O problema de contratação se repete na Delícia de Perdizes, padaria localizada na zona oeste de São Paulo. Com quase 18 anos de existência e 150 funcionários, o estabelecimento também incorporou um robô à rotina há quase uma semana.

Em fase de adaptação, a máquina que atende até 3 mesas de forma simultânea, não está oficialmente “contratada”. Neste momento, passa por uma fase de testes, conta o sócio do estabelecimento, Fernando Reis. “Vai ser um trabalho totalmente colaborativo e para acelerar os processos”, diz.

Durante a visita da reportagem, o equipamento entregou um pedido com precisão, mas ficou alguns centímetros afastado da mesa em que o cliente estava. Segundo o sócio da padaria, o local havia sido mapeado pela máquina, mas mudanças feitas durante a limpeza no dia anterior podem ter afetado o posicionamento do robô.

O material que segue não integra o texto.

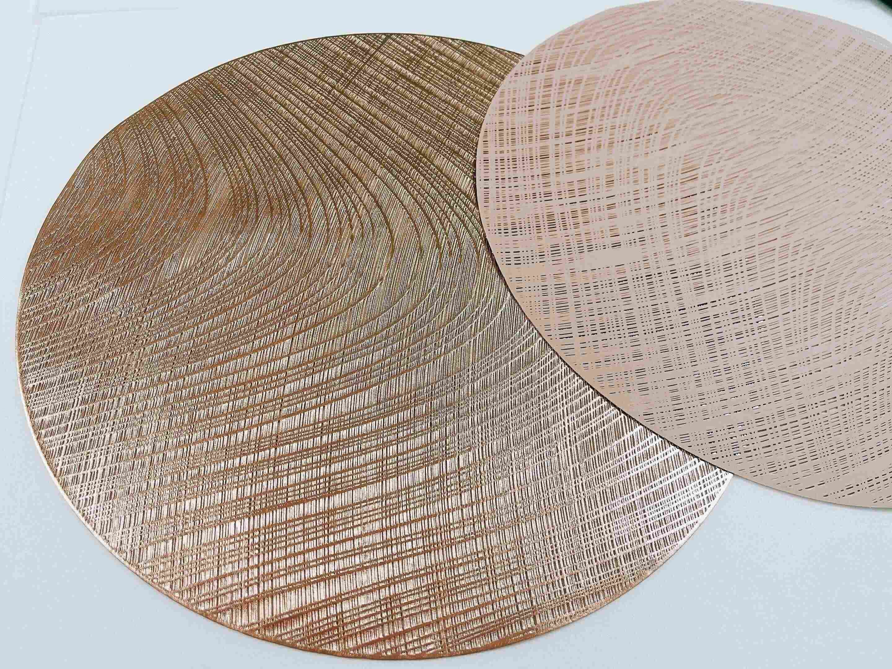 ピンクゴールドのランチョンマットも110円。ゴールドやシルバーもあります。表は凹凸がありますが、裏は平らなのですべりにくくなっています。
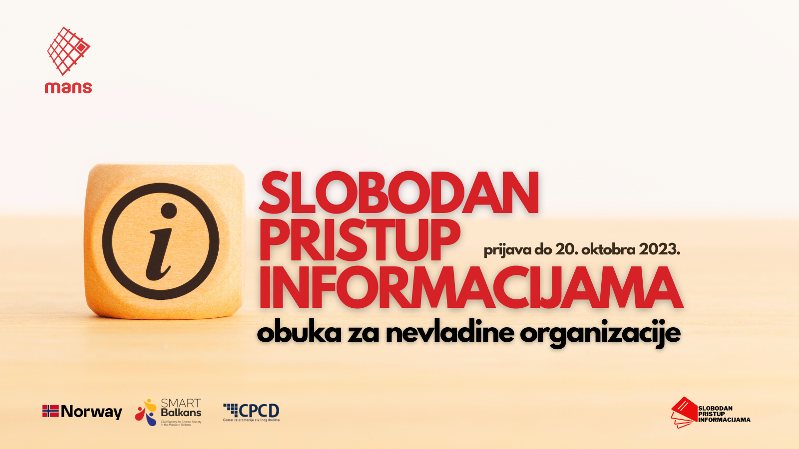 Obuke iz slobodnog pristupa informacijama organizuju se u okviru projekta podržanog kroz regionalnu inicijativu SMART Balkan – Civilno društvo za povezan Zapadni Balkan, koju implementira Centar za promociju civilnog društva (CPCD), Centar za istraživanje i kreiranje politika (Center for Research and Policy Making – CRPM) i Institut za demokratiju i medijaciju (Institute for Democracy and Mediation – IDM) a finansijski podržava Ministarstvo vanjskih poslova Kraljevine Norveške.

Funcionários ouvidos pelo Estadão disseram que o novo colega é útil principalmente nos horários de pico. Ele só não foi aprovado no espaço do buffet do almoço, onde há maior fluxo de pessoas transitando.

Setor de panificação apresenta maior demanda

A Kratus, startup que fornece robôs de atendimento, é responsável por equipar tanto a Villa Grano, na zona sul, quanto a Delícia de Perdizes, e mais outras seis padarias de São Paulo, incluindo a Quinta do Marquês, em Alphaville.

Criada há menos de um ano, o sócio Marcello Oliveira conta que o setor com maior demanda é o de panificação. No entanto, a empresa também está desenvolvendo projetos em restaurantes, hotéis, hospitais, redes de supermercado e farmácias.

Ao todo, são 10 modelos de robôs, divididos em quatro grupos: receptivos, comunicação, limpeza e logística. Nos supermercados, por exemplo, o robô pode repor produtos nas prateleiras, já nos hotéis consegue transportar malas e entregar bebidas aos hóspedes.

“O robô se torna um parceiro da equipe, um braço a mais que ajuda a reduzir a necessidade de contratar pessoas que hoje são difíceis de encontrar”, sugere o sócio Oliveira. O preço dos equipamentos varia entre R$ 80 mil e R$ 120 mil. A empresa oferece opções de venda ou locação, incluindo manutenção e suporte.

Para o especialista Pedro Teberga, o investimento é uma das ressalvas. “A compra é relativamente simples, mas é um custo alto”, aponta. O investimento em um robô como o Virgulino, avaliado em R$ 92 mil, equivale a um gasto que poderia cobrir entre 13 e 40 meses de salário de um garçom de padaria em São Paulo, considerando a faixa média que varia de R$ 2,3 mil a R$ 7 mil mensais (dados do Sampapão), dependendo do tempo de casa e de outros fatores.

Teberga acrescenta que é preciso avaliar se a automação faz sentido para o público e o tipo de serviço oferecido. Por exemplo, em um bar pode ser inadequado. A sugestão é realizar um estudo de comportamento do usuário antes de decidir incorporar a robótica na operação.

Robôs garçons devem suprir a escassez de mão de obra nas padarias?

Em meio à crise da mão de obra na área, o especialista avalia que o robô não deve substituir o humano no setor de panificação, nem mesmo no longo prazo, por ser a cara do negócio. “As pessoas gostam de atendente simpático, contando causo ou para explicar o cardápio. Tudo que foge do previsível é o ser humano que resolve”, avalia.

Rui Gonçalves, presidente do Sampapão, avalia que o movimento ainda é pontual devido o custo. “Não é qualquer padaria de São Paulo que vai conseguir inserir”, diz. Na perspectiva do dirigente, a tecnologia não deve suprir a mão de obra, mas a tendência é de que ajude atender o cliente de forma mais ágil.

Diante do cenário, a solução mais eficaz seria aumentar os salários, principalmente em áreas em que o trabalho é pouco valorizado, por entender que a automação não resolve o problema da escassez de mão de obra, sugere Pedro Teberga. “É a regra básica de oferta e demanda, quando há menos gente disposta a fazer, o preço sobe. Mas essa é a alternativa mais cara para o empresário”, reconhece.

Ainda que com ressalvas, a automação aparece como uma alternativa viável para o setor, estima Teberga, ao reforçar que os robôs podem complementar o trabalho humano ao assumir tarefas mais repetitivas e operacionais.

Os estabelecimentos consultados pela reportagem descartam a possibilidade de deixar de contratar após a automação, tampouco reduzir o atual quadro de funcionários. “Não vamos substituir a mão de obra”, afirma Luis Ferreira, proprietário da Villa Grano.